As his caregiver, I could only work part-time in order to care for Paul as he was experiencing a variety of uncontrolled seizures every day, sometimes requiring paramedic visits and Valium injections to make them subside. For almost three decades, I struggled to help Paul try to regain a normal life, even starting and running a non-profit organization to help him meet others dealing with similar issues and to assist them all with their day-to-day struggles. Our experiences trained me as an advocate for disability rights and presenter of appropriate seizure protocol at schools, businesses and public venues, helping eradicate the stigma associated with epilepsy. A caregiver’s job is also to stay apprised of breakthrough treatments, studying and pursuing everything leading edge including his current NeuroPace implant which I believe has literally saved his life, transforming many of his seizures into what now looks like sneezes.

Paul is my hero, taking on hurdles like any well prepared front-runner, never letting anything keep him down, battling the seizures with meds, implant and a positive attitude. As caregiver/mom I’ve learned a lot. I’ve often had to let go and rely on faith. Instead of staying home fearing his seizures, he is now a Gold Medal Athlete and Global Messenger for Special Olympics and an Ambassador for NeuroPace.

And I’m still here by his side, scheduling, supporting, loving.”

Jennifer Severeide, 54, has been caring for her sister, Laura, 57, for more than three years.

Jennifer Severeide.
Jennifer Severeide.
Lesley Baird

By Lesley Baird

”Jennifer Severeide moved her sister, Laura, who was diagnosed at 52 with early onset Alzheimer’s, as well as Laura’s dog and two cats, from their mother’s place in Canada to her own home in Oregon.

She had an addition built onto her house for Laura and when the disease progressed, she researched places that could care for her and moved her to a facility an hour away that suited her needs at that time.

She visited once a week and called every day, as she had a full-time job.

When Laura displayed violent aggression and was put into the hospital, Jennifer was there full-time, taking a leave of absence from her job and family.

She was the health advocate who wrote her congressman to have Laura admitted to a hospital that had a neurologist on staff instead of lying in an emergency department.
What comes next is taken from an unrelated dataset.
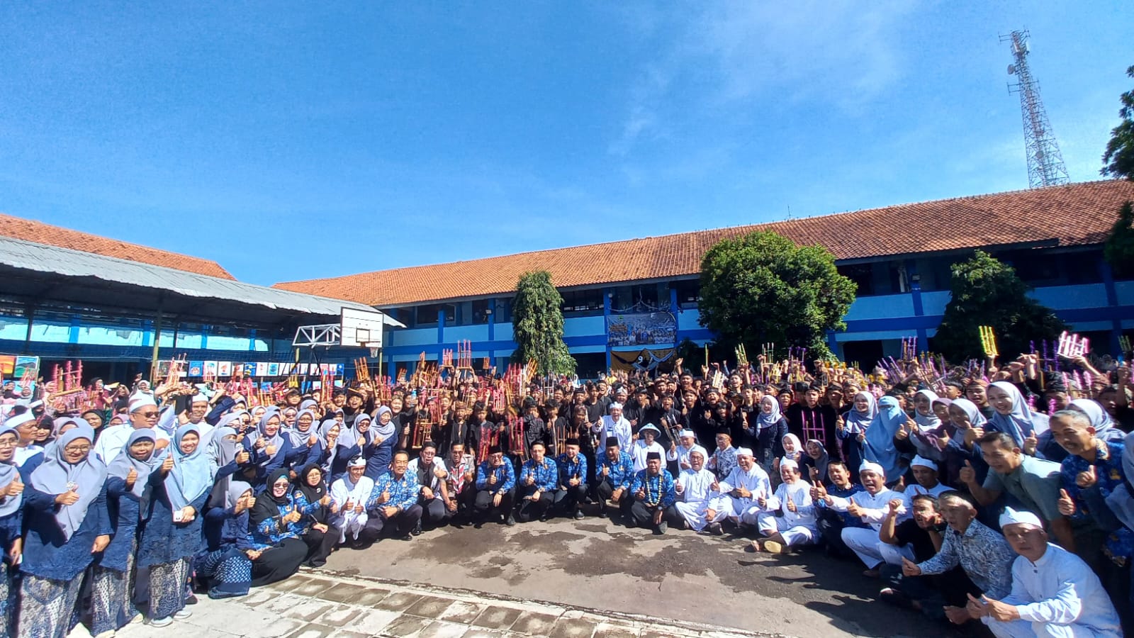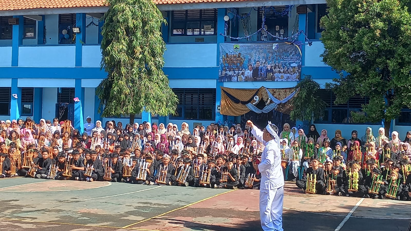ELTV SATU ||| Majalengka – Ratusan siswa siswi SMPN 1 Majalengka dengan semangat dan ceria memainkan Angklung di halaman sekolah yang di hadiri Bupati Majalengka, H.Eman Suherman, Senin (17/11/2025). Kegiatan ini merupakan moment peringatan Hari Angklung Sedunia

And it was Jennifer, working with a medical team, who discovered it was the medication that caused the aggression.

Laura now lives back with Jennifer as she is happiest with her sister and in a calm environment.

As of last week, Jennifer had quit her job to become Laura’s full-time caregiver and provide her with the love and care she needs. Laura’s disease is progressing now and she is having a harder time with speech and functioning.

Jennifer also has her own family, which consists of her husband, Jeff, and grown children. But has been caring for Laura since August 2013.”

The above stories have been edited and condensed for length and clarity.